Title: October 2007: Posting Photos on the Web Post by: admin on May 27, 2009, 02:33:38 PM Posting Photos on the Web
Background So you have a new dSLR camera and you've been taking some great photos. You want to share them with others and you've found an online photo hosting service where you've uploaded some photos but you notice that after they have been uploaded, they look dull or washed out when they are viewed on the photo hosting web site. Where did you go wrong? They looked great until you uploaded them to the web! In this article, I discuss a common mistake that can cause color problems when uploading photos to photo sharing web sites.
Your Camera's Color Space If you are not familiar with color spaces or need a refresher as to why your camera may offer more than one color space, you may want to check out this article before going further. If your camera is set (via the menu options on the camera) to sRGB color space or the camera doesn't offer any color space selection, you should have no problem just uploading the original files to photo sharing web sites since sRGB is a reasonable color space for web viewing. Web browsers generally are not color management aware, which means they can only display the raw image "as is" on screen. Since sRGB is a reasonable match for most monitors, images coded in sRGB color space should look fine. You've read about the virtues of larger color spaces like Adobe RGB, however, and you've set your camera to Adobe RGB color space via the camera menu option. When posting images on a photo sharing web site, here's where the trouble starts! If you upload an image that has been captured in Adobe RGB color space (or converted to Adobe RGB via your raw conversion tool of choice), the image on the photo sharing web site will be in Adobe RGB color space on the web site. When someone goes to that site and opens the image with their web browser, they'll be looking at an Adobe RGB image on a screen that is best suited for an sRGB image. This is due to the fact that the web browser ignores the color space tag in the image since it is not color management aware: it simply "dumps" the image onto the screen. When this happens, colors can look dull, washed out, and some colors can appear shifted or just wrong.

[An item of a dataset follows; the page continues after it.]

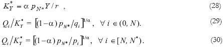 The world capital is simply the sum of Southern and Northern capitals: K+K*. If the factor price equalization theorem holds, the allocation of the world capital follows the pattern determined by equations (14) and (15); i.e., the final good activity demands a fraction α of the world capital: KY = α (K+K*), and the remainder is evenly distributed among the intermediate-good sectors: Kj= (1– α) (K+K*)/N*, ∀j ∈ (0, N*).

Take a look at the photos above. The one on the left is what the photo would look like if you had shot the flower in Adobe RGB and simply uploaded that file to a web page or photo sharing site. The photo on the right is the same photograph converted to sRGB color space prior to uploading the image. As you can see, the colors look quite dull and lifeless in the Adobe RGB version. Again, this is due simply to a mismatch in how your monitor handles color and how the color was saved in the image. It is not an indication that there is something wrong with Adobe RGB color space! The fact that your monitor is better suited (closer to) sRGB is what makes the sRGB version look closer to correct.
A Time and a Place for Adobe RGB Adobe RGB has a larger color gamut (range of colors) and is therefore well suited for reproducing photographs in professional photographic tools, particularly when printing since printers can actually reproduce a wider range of colors than your monitor. If you were placing photos on a web site for professional photographers to download and edit or print on their computer rather than just displaying the images on the web, it would be appropriate to use Adobe RGB. So Adobe RGB is appropriate when you want people to be able to download and reproduce your photos offline. This ensures that you get the larger color gamut of Adobe RGB and most professionals who intend to download and use the images on their computer will realize that the photos may not look "up to par" when just viewing them in a web browser. For most applications, however, you'll want your images to be in sRGB color space so that people can just click on the photos in their web browser and get reasonable color rendition without having to download the files and pull them up in a photo editor or other color management aware application.
Converting to sRGB Prior to Uploading While you've been happy shooting in Adobe RGB color space and you've had no problem editing your photos in your professional photo editing application or printing them from Qimage as those applications are color management aware, it would seem your use of Adobe RGB color space is now causing problems for you when you want others to view your photos on the web. Do you need to switch back to shooting in sRGB color space to avoid this hassle? The answer is emphatically NO! You can keep on shooting in Adobe RGB to get the extended color capture range (that your printer can use) and simply convert those Adobe RGB images to sRGB prior to uploading them to the web. Don't worry, this operation is simpler than it sounds! You could always do it the hard way by opening each photo one at a time in your favorite photo editor, converting to sRGB, and resaving, but if you have a batch processing application like Qimage, you can make sRGB copies of all your Adobe RGB photos in one batch processing step. In Qimage, here are the steps to create sRGB copies of a batch of Adobe RGB photos:
If you know you want downsampled JPEG's for the web, here's an even easier way:
Summary Be aware that web posted photos can look dull or display with inaccurate color if you are shooting in (or converting your photos to) Adobe RGB color space and then uploading the Adobe RGB images directly to the web. To solve this problem, simply convert images to sRGB color space prior to uploading them to your web page or photo sharing site. My own Qimage software offers batch conversion to create sRGB copies from multiple Adobe RGB images in one shot (see above), making shooting in Adobe RGB and uploading to the web less time consuming. By shooting in Adobe RGB, you can reproduce a wider range of colors for printing photographs and still convert to sRGB when needed for web display.